- Emergency 4 box art
- Developer: Sixteen Tons Entertainment
- Publishers: EU: Take-Two Interactive; UK: Bluestone Interactive;
- Series: Emergency
- Platform: Windows
- Release: EU: April 13, 2006;
- Genre: Real-time strategy
- Modes: Single player, Multiplayer

= Emergency 4: Global Fighters for Life =

2006 video game

Emergency 4: Global Fighters for Life (known as 911: First Responders in North America) is a simulation video game developed by German studio Sixteen Tons Entertainment allowing users to manage emergency services on a variety of accidents and/or accident scenes.

==Gameplay==
Directed by their supervisor, the player assumes the role of an incident commander, and is charged with managing a number of vehicles and staff from the fire department, medical rescue, police, and technical services. Progression has been expanded, with a mandatory free-play interlude that involves completing certain objectives.
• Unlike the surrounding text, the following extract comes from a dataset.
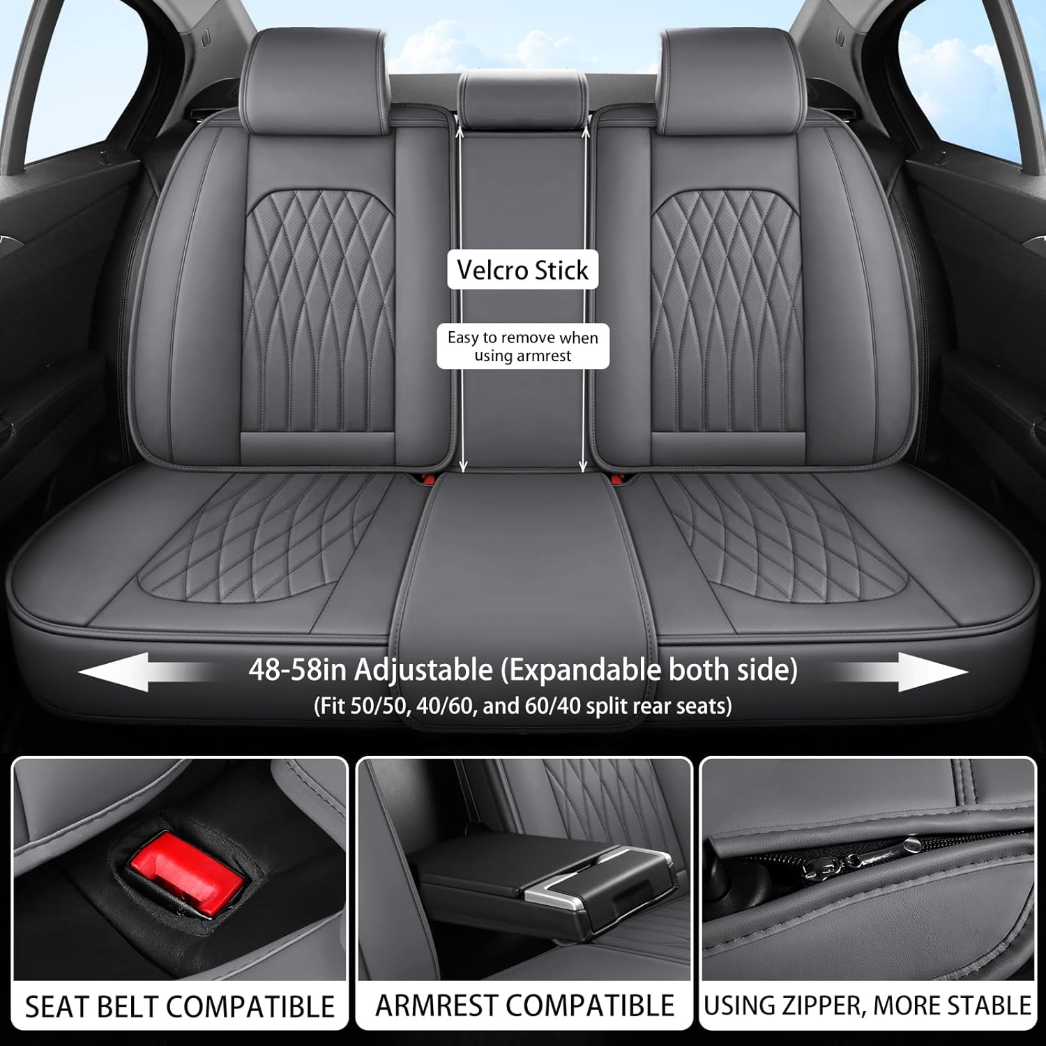 - UNIVERSAL FIT: The seat covers are compatible with most cars, SUV, pick-up and trucks. Unfold the car seat covers package, you will get 2 front and 3 rear seat covers. Once put on seat covers, the vehicle interior atmosphere instantly becomes high-end and atmospheric. You will immediately fall in love with faux leather car seat covers. Note: Car seat covers full set don't fit seats with fixed armrest.

The game includes 20 missions, as well as the ability to manage a team of emergency response vehicles and professionals.

Emergency 4 boasts several improvements in user-friendliness over previous games in the Emergency series. For instance, it is possible to dispatch multiple vehicles at the same time and order them to arrive at a specific location. Casualties, criminals and fires are now properly marked on the map, and a counter now indicates the amount of casualties still present in the area. Doctors, firefighters and marksmen have better automation.

A deluxe release includes three extra oversea missions and support for voice commands.